Глава 9. РАКАНА (Б. ОЛЛАРИЯ)
400 год К. С. Вечер 17-го дня Зимних Скал
1
Лабиринт оживших, сужающихся стен, низкое небо, черно-серо-зеленые пятна на грязной, разбухшей штукатурке, сливающиеся в грубое подобие лошади… Он это видел! Видел, когда умирал и не умер. Пятна плесени обернулись пегой кобылой, но Алва вытащил его из сжимающегося тупика. Нет, кобыла появилась раньше…
— Монсеньор!
— А, это вы, Карваль. Что-то срочное?
— Не очень, Монсеньор. — Никола позволил себе улыбнуться. — Учитель вашей кузины найден.
— Где он?
— Я приказал проводить его к кузине Монсеньора. Я был прав?
— Безусловно. Вы нашли Инголса?
— Да, он принял приглашение и в девять будет у вас.
Значит, Марианне опять придется ждать, ее «висельники» не подскажут, как сорвать процесс, и не справятся с солдатами. Инголс важнее, мэтр готовился к схватке и знает, что делать, так пусть научит! Но в девять уже темно.
— Карваль, — еще немного, и он станет шарахаться от кошек, — вы слышали, что вчера сказал Алва? Не хотелось бы, чтоб мэтра Инголса вытащили из Данара.
Взвизгнули дверные петли. Двери Бронзового кабинета распахнулись — то ли Высокий Суд покончил с легкими закусками раньше, чем рассчитывал Робер, то ли он сам замечтался.

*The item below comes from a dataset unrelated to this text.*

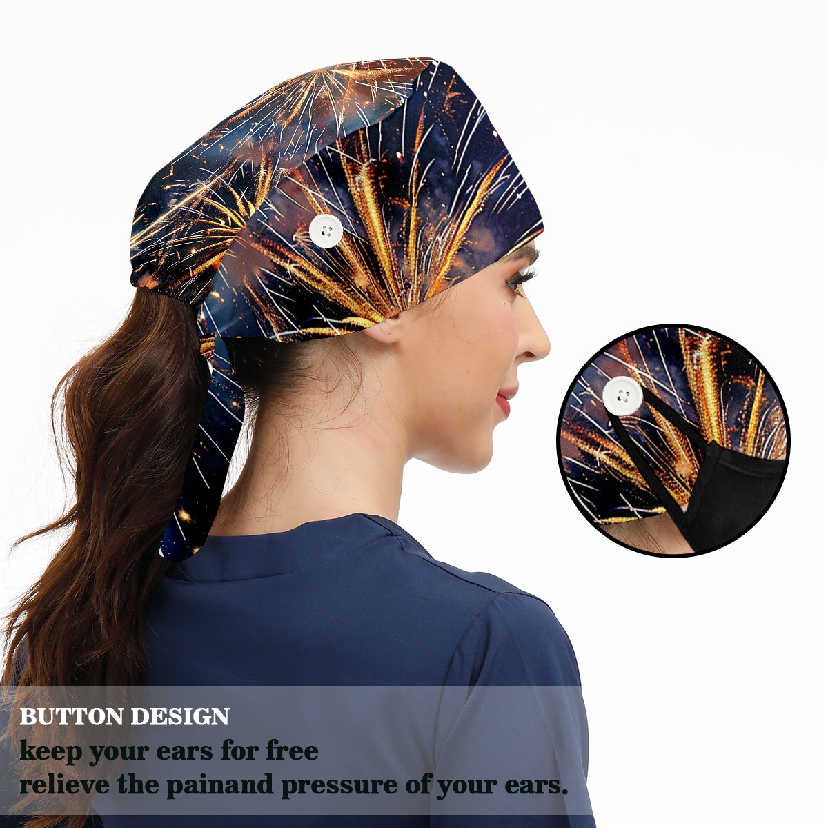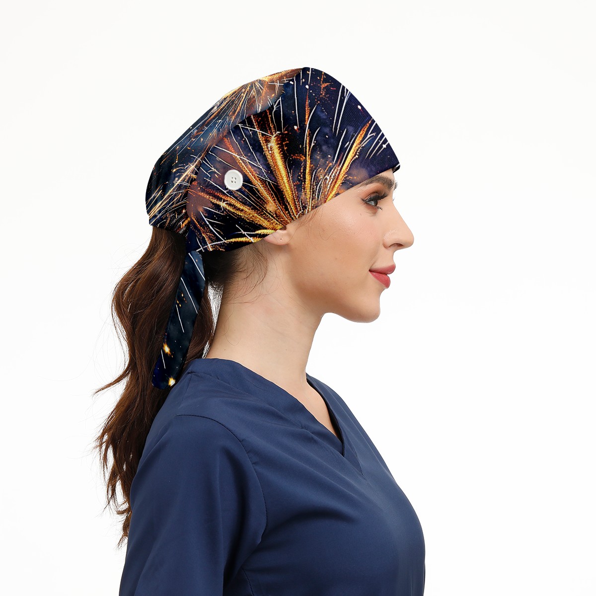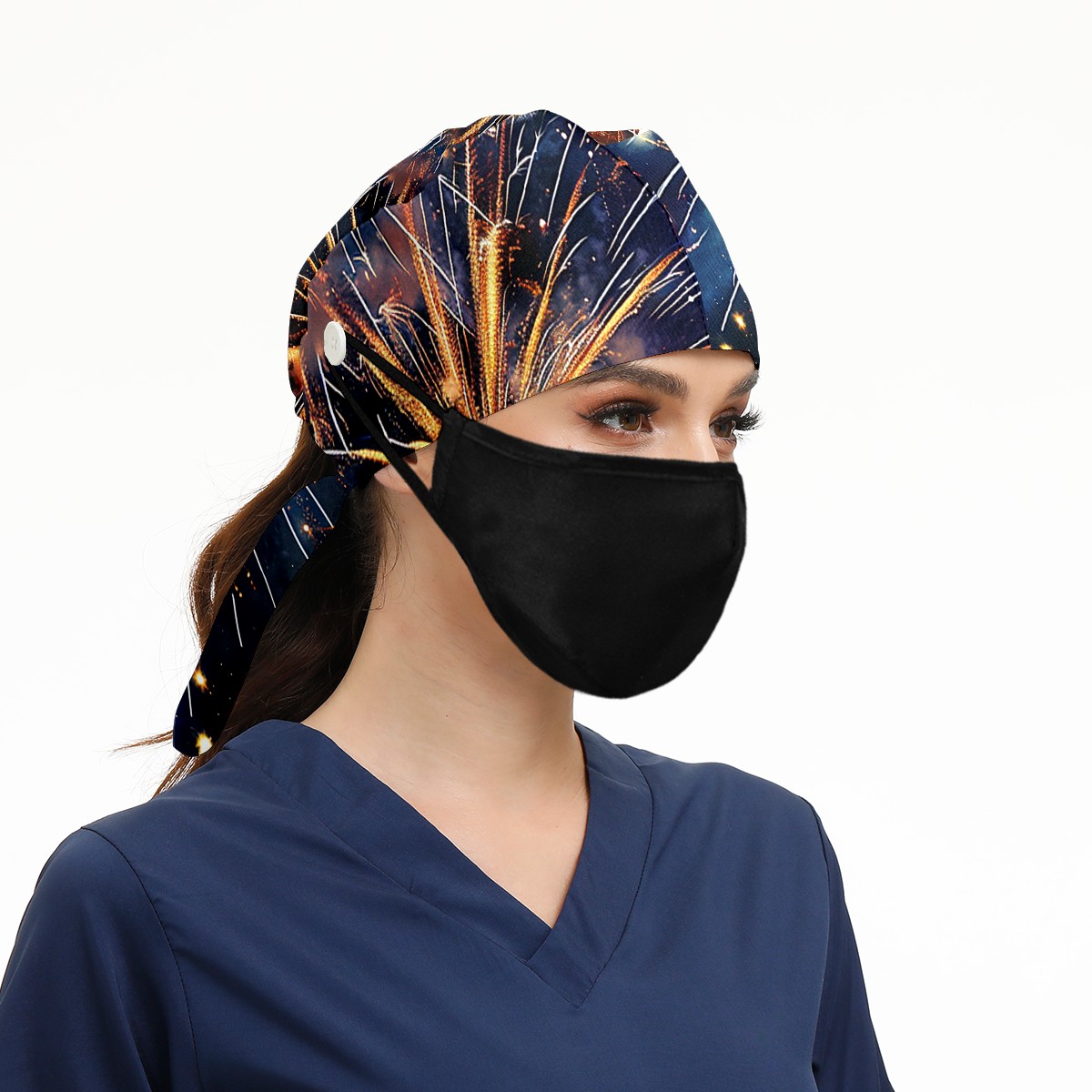 Working Caps with Button&Sweatband Satin Lined Cotton Adjustable Nurse Hats Elastic Band Scrub Cap Surgeon Hat Fireworks
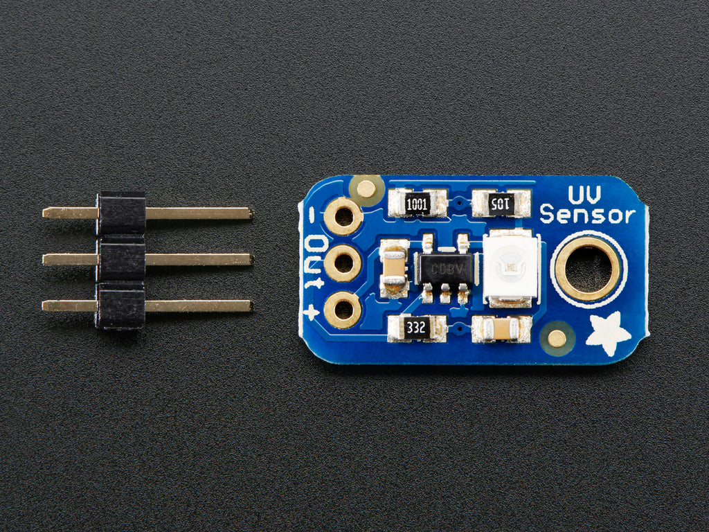 This sensor is much simpler than our Si1145 breakout, it only does one thing and gives an analog voltage output instead of requiring a complicated I2C setup procedure. This makes it better for simple projects. It also has a 'true' UV sensor instead of a calibrated light-sensor. To use, power the sensor and op-amp by connecting V+ to 2.7-5.5VDC and GND to power ground. Then read the analog signal from the OUT pin. The output voltage is: Vo = 4.3 * Diode-Current-in-uA. So if the photocurrent is 1uA (9 mW/cm^2), the output voltage is 4.3V. You can also convert the voltage to UV Index by dividing the output voltage by 0.1V. So if the output voltage is 0.5V, the UV Index is about 5.

В любом случае отступать некуда.
— Монсеньор… — Маленький генерал покосился на цвет Великой Талигойи и отчеканил: — Вчера я принял меры к охране… видных законников, покинувших Ружский, простите, Гальтарский дворец до конца заседания.
— Мой дорогой Эпинэ, — шедший в авангарде Берхайм горел любопытством, — куда вы исчезли? А мы все думаем, что имел в виду Алва? Он намекал на вас?
— Не знаю. — Намекал или предупреждал? О чем, о зеленой луне в колодце? — Боюсь, я был не слишком внимателен. Старые раны… дают о себе знать в самый неподходящий момент.
— Здесь удивительно душно, несмотря на холод. — Придд, как всегда, был сер и любезен. — А духота способствует бреду. Я бы не стал полагаться на сделанные в таких обстоятельствах признания.
— Кэналлиец бредил, — важно кивнул Карлион, — его слова нельзя расценить иначе.
— В таком случае вы, граф, прожили в бреду всю свою сознательную жизнь, — предположил Спрут, — иначе с чего бы вам более сорока лет называть себя бароном. Господин Первый маршал, я пришлю вам кэналлийского. В вашем состоянии оно необходимо.
— У вас осталось кэналлийское? — пошутил Берхайм. — Теперь понятно, почему вы никого не принимаете.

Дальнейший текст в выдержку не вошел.